Tekrarlayan sinopulmoner enfeksiyonlar yakın zamana kadar düşük Ig G subgrubları ile ilişkilendirilmiştir. Ig G2 Özellikle polisakkarit antikorların büyük kısmını oluşturan Ig G2 düzeylerindeki azalmanın kapsüllü bakterilerle olan enfeksiyonlardaki artışın temeli olduğu düşünülmüştür. Son zamanlarda yapılan çalışmalar ise bu teoriyi desteklememektedir.

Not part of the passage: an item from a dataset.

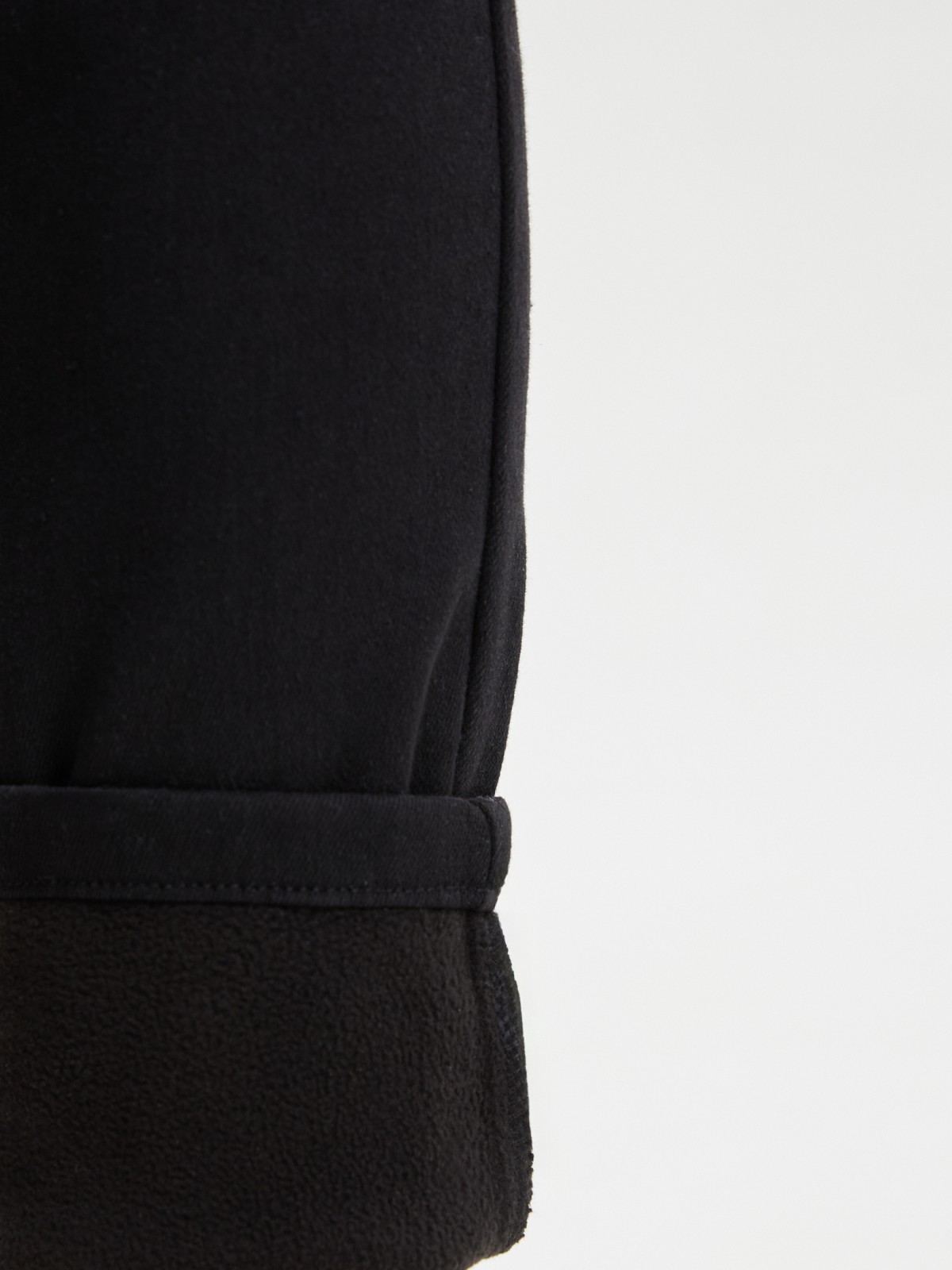 Чёрные женские джинсы скинни из эластичного стрейч-денима с тёплой флисовой подкладкой внутри стали неизменным элементом утеплённого зимнего женского гардероба. Они будут прекрасно сочетаться как с базовыми повседневными, так и с модными акцентными вещами. Модель представлена в больших размерах.

Düşük Ig G2 düzeylerine sahip çocuklarda polisakkarit antijenlerle aşılamaya cevap normal saptanmıştır. Antipolisakkarit antikor üretme kapasitesi düşük olan çocuklarda,normal serum Ig G2 düzeyleri saptanmıştır. Bazı asemptomatik bireylerde çeşitli Ig G alt gruplarında ağır zincir defektleri saptanmıştır.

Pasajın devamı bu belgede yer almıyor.